In extracts of a report published late on Friday, PwC painted a hair-raising picture of Ireland's No. 3 lender, which was nationalized in January and has been described as the "rotten burrow of Irish banking" after a string of scandals.

Ireland's government published parts of the PwC report after a public clamor for more information.

Probes into possible share price manipulation, window-dressing of deposits and directors' loans at Anglo have helped accelerate Ireland's economic decline as investors, fearful of more controversy, give Irish securities a wide berth.

"The report clearly demonstrates the government was correct to guarantee the financial system last September at a time when financial market liquidity conditions were under severe pressure," Finance Minister Brian Lenihan said.
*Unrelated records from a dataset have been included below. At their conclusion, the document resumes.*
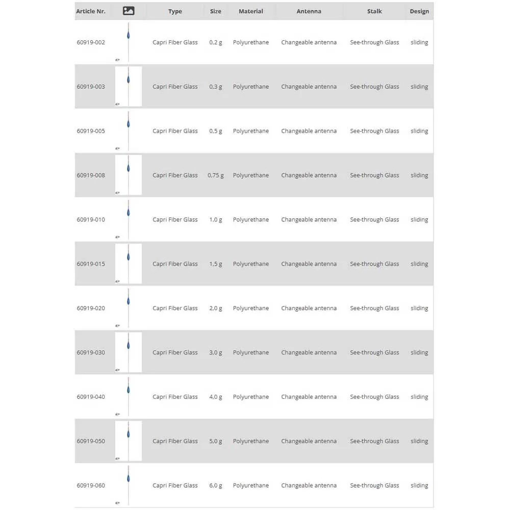 Ease of use, variability and a durable design were also our most important expectations when creating the Cralusso drop float family. Accordingly, the components and antennas of the Cralusso drop floats can be freely exchanged and varied, which allows for a wide variety of combinations. Due to its slim shape, the Capri is suitable for fine fishing. We can make our float even more sensitive if we use the one-mm transparent glass stem, which is completely invisible in the water, as an antenna. The body of the float can be turned on the stem, thereby changing the position of the center of gravity. In choppy water, by turning the chunkier part downwards, you get a stable, wave-resistant float. Thanks to the polyurethane body, we don´t have to be afraid even during fatigue, because with this float, there will be no mistake that the line might cut into the float body. Due to the internal cable routing, there are no broken cable guide eyes or broken antenna from the float.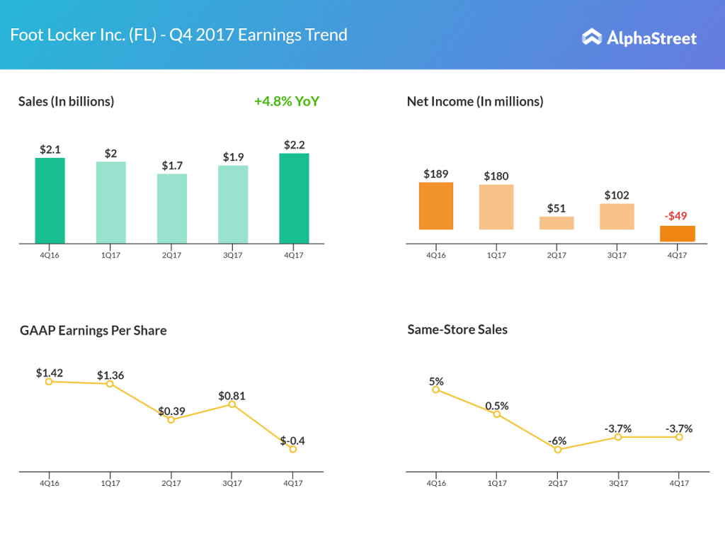 During the quarter, Foot Locker paid dividends of $0.31 per share to shareholders and repurchased $105 million worth of common stock. For the fiscal 2018, the footwear retailer increased its quarterly dividend payout to $0.345 per share.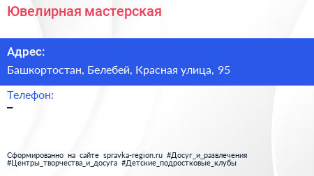 Ювелирная мастерская по адресу Башкортостан, Белебей, Красная улица, 95 в дальнейшем Организация, размещена в следующих категориях: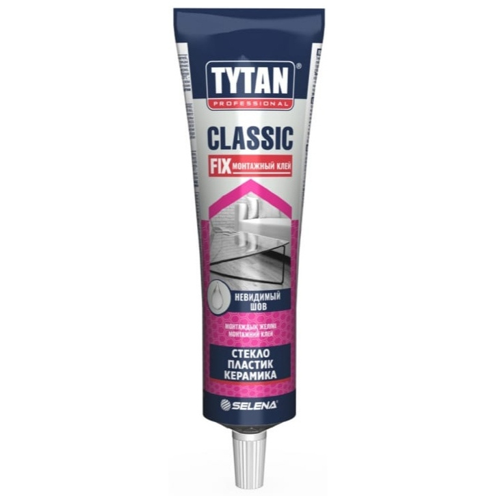 Монтажный каучуковый клей CLASSIC FIX торговой марки TYTAN PROFESSIONAL представляет собой универсальный прозрачный продукт, который образует эластичный невидимый шов, предназначен для приклеивания стекла, керамики, пластика, металла, древесины и ее производных на пористые и непористые основания.
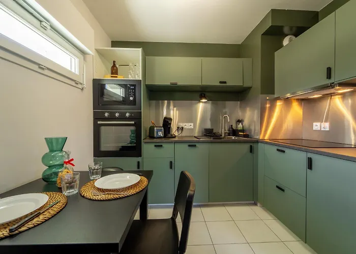 A kitchen is equipped with coffee/tea making equipment, as well as a microwave, a fridge, and kitchenware for self-catering purposes. This apartment is right off the nearest bus stop Cite de l'Entreprise.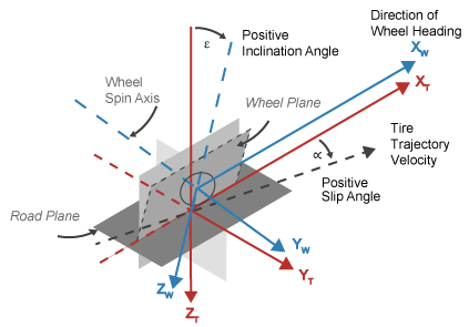 | XT | XT и YT параллельны дорожной плоскости. Пересечение плоскости колеса и плоскости дороги определяет ориентацию оси XT. |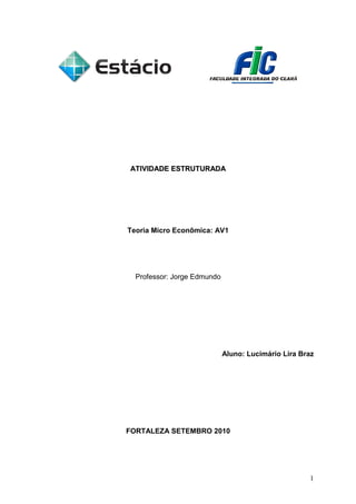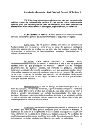 1) O documento descreve as condições necessárias para que um mercado seja considerado de concorrência perfeita ou monopólio puro, citando 5 condições para cada um.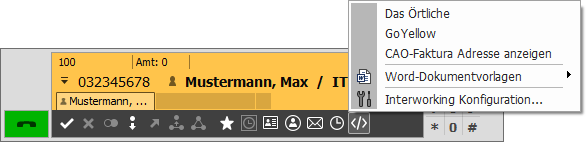 Der folgende Screenshot zeigt den manuellen Aufruf einer Steuersequenz mit Hilfe des "Interworking-Buttons" auf dem PhoneDialog. Die zu übertragenden Daten beziehen sich auf den aktuell selektierten Call-Tab.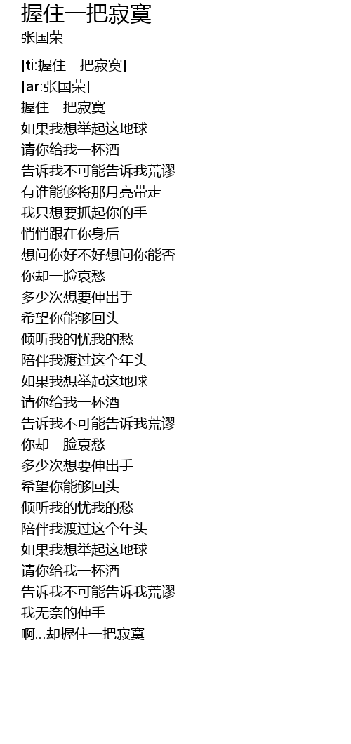 | [03:32.284] | 啊…却握住一把寂寞 |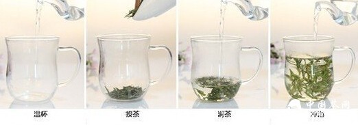 1、取杯温烫(玻璃杯、盖杯或者白瓷杯皆可 )。用热水温暖茶杯,即可以清洁茶同时可以提高茶杯的温度,以热水将被沿杯身转2圈,充分润杯,倒掉被里的水。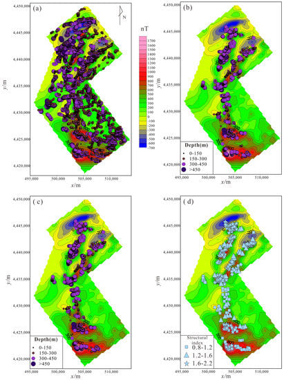 We applied different combinations of local wavenumbers to interpret the magnetic data observed in the Qian’an region to locate iron ore deposits. Figure 9a shows the locations of the source estimated by estimator C1. Figure 9b,c show the superimposed results computed by estimators Cd and Bd, respectively, and the results showed less scattering. The depth of the source was concentrated between 150 and 450 m. Figure 9d shows the structural index estimated by estimator Bd. The value at the peaks is close to 1, which is marked by a triangle, indicating that the source was almost a sphere. This might reflect the fact that the flight lines were far apart, so the 2D features that were oblique to the flight lines, and should have formed linear anomalies on the grid, formed a number of discrete anomalies, such as on our map. We have modified the geological map based on the inversion results and revised the locations of the magnetic formations (dark red) in Figure 10. The modified magnetic formations range is similar to geological inference and more detailed in local areas. There were four large magnetic features that were interpreted as iron ore deposits.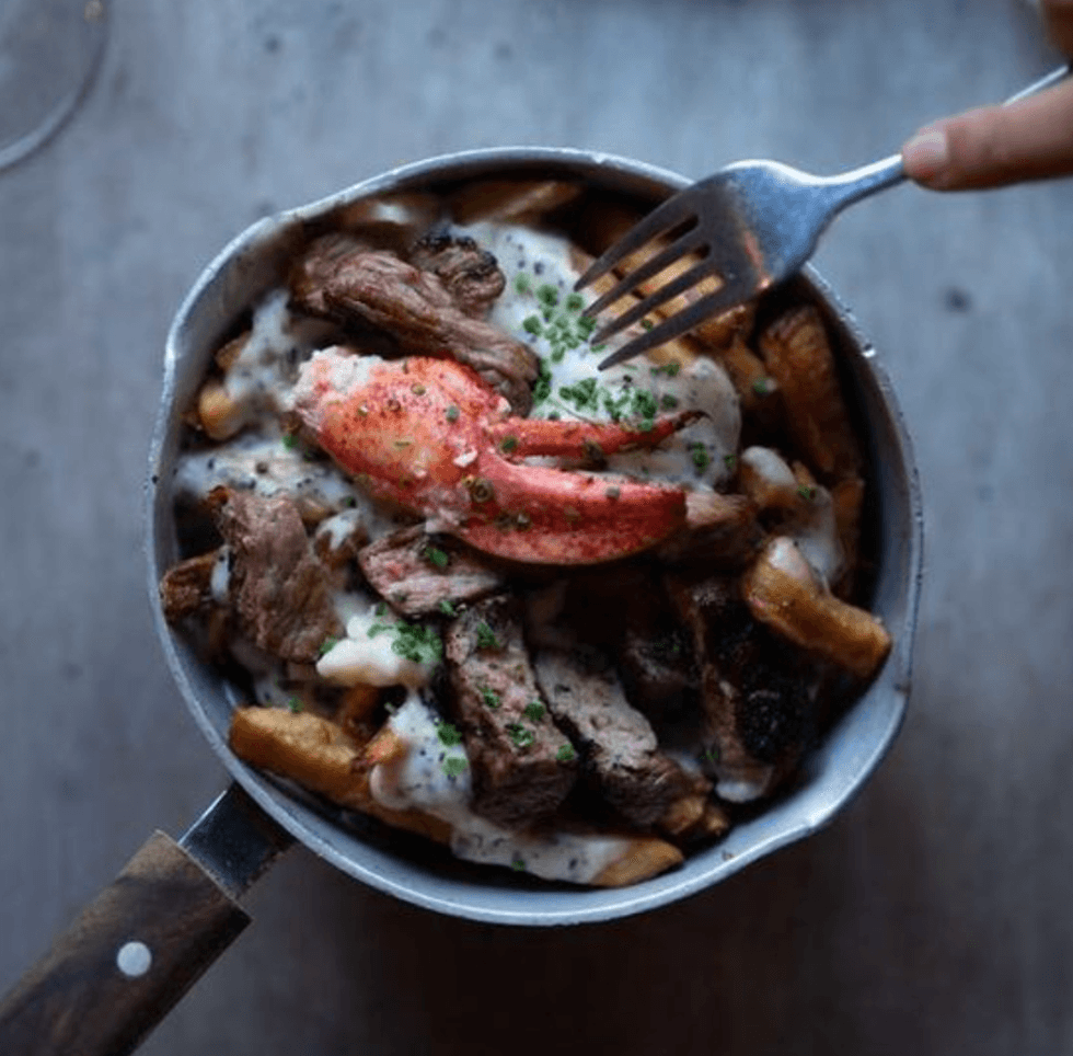 Pourquoi tu dois y goûter : Le chic restaurant du Vieux-Port de Montréal, Maison Saint-Paul, participe aussi à l'événement. Pour l'occasion, l'équipe a créé un plat gastronomique qui mélange filet mignon et homard nappé d'une délicieuse sauce Mornay à la truffe sur un lit de frites garni de fromage. Un Surf 'n' Turf réinventé.
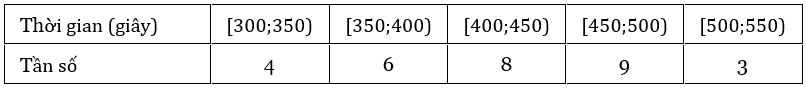 Một công ty tổ chức thi tuyển kĩ thuật viên mới. Thời gian hoàn thành một bài thực hành của các ứng cử viên được ghi lại trong bảng sau: (đơn vị: giây)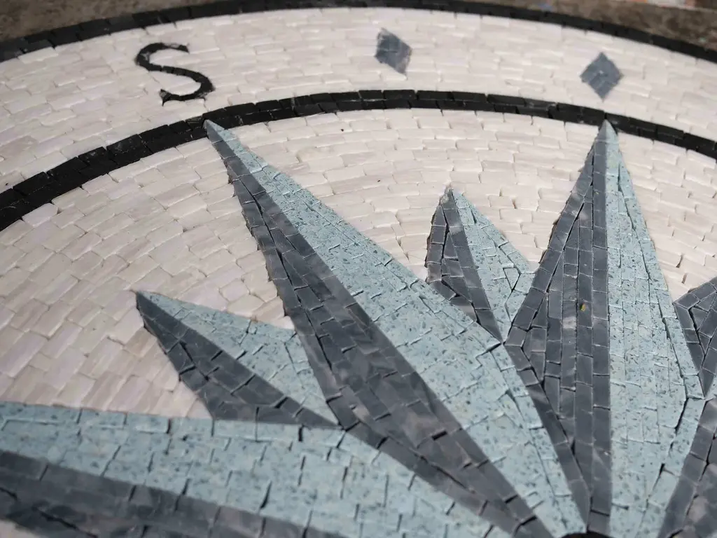 Mosaic Medallion - Blue Shades Compass | Luxury Handcrafted Stone Art - 90cm X 90cm (36" X 36")

PwC's revelations overshadowed Anglo's annual report, which was issued earlier on Friday and laid bare for the first time the bank's US$567 million loan to a so-called "golden circle" of 10 top customers to buy its shares and prop up the price.

Extracts from the PwC report, compiled after the government guaranteed the deposits of all Irish lenders in September, show how exposed Anglo Irish is to local property developers who were once feted as stars of the "Celtic Tiger" economy.

Under a "highest stress scenario," the auditors estimated that Anglo Irish, which rode the local property boom to extremes, could face impairment charges of 2.3 billion euros (US$2.89 billion) in its 2009 financial year and 3 billion euros in 2010. The combined 5.3 billion euros nearly overshadows Bank of Ireland's worst-case impairment loss scenario of 6 billion euros for a three-year period up to March 31, 2011. Anglo Irish did not update its own estimate for bad debts when it published its annual report earlier on Friday, an omission seized upon by opposition politicians and analysts.

"We're still mired in this feeling we are not getting the full picture," said Richard Bruton, deputy leader of opposition party Fine Gael.

PwC noted that Anglo had a deliberate policy of building relationships with key property developers, who represented a significant proportion of the loan book.

But PwC warned that some of these customers were likely to face significant losses on residential property developments and undeveloped land banks, resulting in major losses for the bank.

In November Anglo's management told PwC that a number of their larger customers were experiencing short-term cash flow difficulties and were trying to sell assets.

About 15 customers have more than 500 million euros worth of loans with Anglo.